Потом выступал ветеран ВОХРа товарищ Шварц (о котором в городе ходили слухи, что в свое время он был единственным участником еврейских погромов не с той стороны) и говорил о том, что в 29-м году его родители уезжали на жительство в Палестину и на него уже был куплен билет, но он, как комсомольски настроенный пионер, героически спрятался… Впрочем, его выступление Боря почти не слушал. Но когда поднялся секретарь партийной ячейки старший закройщик Кац и объявил, что перед отъездом Боря просит принять его в партию, из чего следует, что их бывший товарищ не только негодяй, но и сумасшедший, Боря не выдержал и начал выяснять интересующий его момент:
– А почему, собственно, нет? – спросил он. – Нет, вы мне все-таки объясните!.. Партия у нас какая – интернациональная?

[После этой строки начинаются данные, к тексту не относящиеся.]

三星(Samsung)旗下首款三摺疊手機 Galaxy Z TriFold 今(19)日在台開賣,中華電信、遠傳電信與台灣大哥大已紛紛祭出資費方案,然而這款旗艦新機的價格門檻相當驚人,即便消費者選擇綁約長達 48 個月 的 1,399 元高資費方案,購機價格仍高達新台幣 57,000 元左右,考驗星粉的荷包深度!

– Ну… – подтвердил товарищ Коноводченко.
– Так почему же тогда здесь я могу бороться за ее идеалы, а в Израиле уже нет? Я, между прочим, всегда сочувствовал большевикам, а сейчас так просто глубоко сочувствую!..

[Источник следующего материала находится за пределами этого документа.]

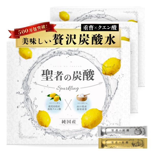 聖者の炭酸 3ヵ月分 重曹 クエン酸 食用 レモン風味 個包装 GMOフリー 純国産 重曹クエン酸水 食用重曹 食用クエン酸 飲む重曹 飲むクエン酸 各30包×3 計180包
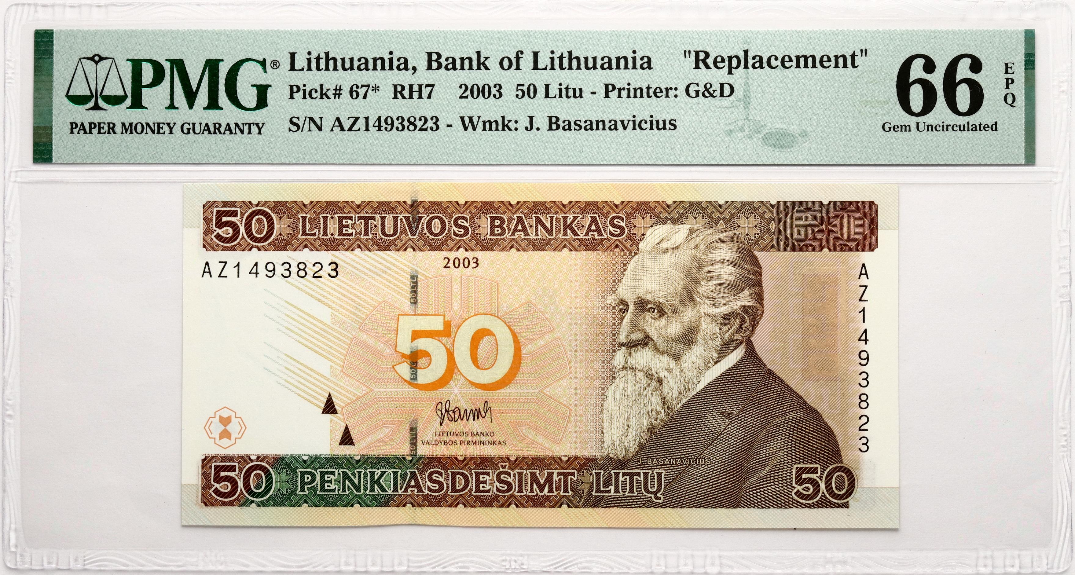 Lithuania. 50 Litu 2003. S/N AZ1493823. Pick# 67*. PMG 66 Gem Uncirculated EPQ.

– Издеваетесь? – поинтересовался товарищ Коноводченко.
– Почему же? – искренне огорчился Боря. – Скажу вам больше! Здесь нас, большевиков, пока еще, слава богу, никто не притесняет… А там я же буду, так сказать, на переднем крае борьбы! Так что туда вы, по-моему, вообще должны посылать лучших из лучших!
– Та-ак… – сказал секретарь партийной ячейки Кац. – Интересно… Но тогда почему же ты думаешь, Боря, что это должен быть именно ты? В таком случае среди нас есть и более достойные кандидатуры. Про себя я уже молчу, но вот, например, товарищ Шварц. Человек столько сделал для нашей сегодняшней счастливой жизни! Так пусть он хоть пару лет в Израиле поживет по-человечески!
– Товарищи! – засуетился Шварц. – В двадцать девятом году мои родители уезжали на жительство в Палестину, и на меня уже был куплен билет…
– Да слышали мы! – закричали из зала. – Слышали! Не хочешь ехать – не надо!
– Нет, вы меня не поняли, – не унимался Шварц. – Наоборот! Я хочу спросить: как вы думаете, если я сейчас приду и скажу, что я просто опоздал на поезд?..
– Ишь, какой хитрый! – закричали из зала. – Тут, между прочим, многие хотели бы пожить на переднем крае!..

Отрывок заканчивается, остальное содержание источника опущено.